Saturday at Critical Northwest

The response was amazing! Thank you, very much, Critical Northwest for the warm welcome and cold beer.

I’ve been totally absorbed with the production of the Simon project, and I’ve really neglected promotion and fundraising activities to support the project. If you enjoyed the piece, and would like to support this effort, consider donating to the cause:




I’m pretty happy with the tuning I did over Thursday and Friday. Those of you who were there may have seen me hunkered down over the laptop, between visits to the (glorious) coffee stand. Anyway, things seemed to flow better on the project’s interactivity and timing. We found that having the panel motion sensors generate tones was a little confusing, so we adjusted the octave down and turned them into two short beeps.

Trevor and Gorski were there to spell me Friday and Saturday night, respectively, which gave me a little time off to see the event. Still, I can’t say I had an opportunity to see everything that was going on.

Finally, my sincere thanks to INW for providing support in the form of a grant and an opportunity to show the work at Critical Northwest. The support and kind words at the event were appreciated.

I did grab a (poor quality) video on my phone.  Please let me know if you’ve captured some better footage, and I’d be happy to link it here.

Thursday at Critical Northwest

image

Simon had a great reception at Critical Northwest Thursday night. As soon as I started, a parade of children (literally) swarmed the sculpture. Once they understood that the controller wasn’t a touch surface, they immediately got it.
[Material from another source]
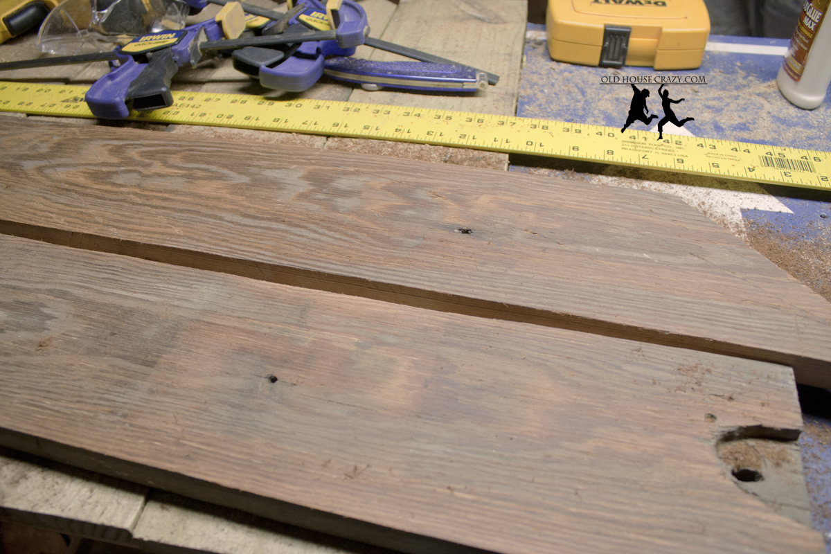 To improve upon the design I saw on Pinterest and to make this my own, I cut an old heartpine shutter into a five-inch wide strip and cut it to length to be a shelf behind the ladder sections. After it was sanded, I attached it to the ladder using biscuits. You can get more information on biscuit joinery here.

I did blow through 50 gallons of propane, however. There’s a resupply today and some software tinkering needed.

Thanks, everyone, for the warm debue.

Simon packs

Well, Simon packs down pretty well. Not shown: 200 pounds (50 gallons) of propane.

I’m hitting the road Wednesday, shooting for a noon setup at Critical Northwest. See you there!  Being your game face and beer.

image

Fanfare Playing!

I’m not sure if I can make the blog show a video from my phone without rigmarole, but here goes. The video shows a “fanfare” sequence. That is, you can see the sculpture playing an 8-bit video game song (ie. “chiptune”) and sequencing the lights on the panels and the fire release to work with the song. We’ve improved that quite a bit since then, but here’s a first look!

Simon controller

Finally settled on the v1 Controller system that we’re taking to Critical Northwest. It turned out to be quite a bit more straightforward than the initial build. In the photo below, you can see the Simon controller printed circuit board. It’s one-sided, so the traces are facing away from us. In the lower right, there’s an Arduino Mega. Why a Mega? Well, the prices on these have come waaay down ($20), and they feature four hardware serial ports. One of those ports is connected to the Xbee Series 1, which you can partially see in the upper left. That hardware serial turns out to be pretty important. While a serial port can be emulated in software, we’re also hooking an interrupt service routine to analyze the frequency being played on the speaker. If we were to try to do both of these things (software serial emulation and frequency analysis), that’d be hard to pull off. The timing falls apart, and the serial link is disrupted. That would lead to the art sculpture and controller coming of of sync, which we don’t want.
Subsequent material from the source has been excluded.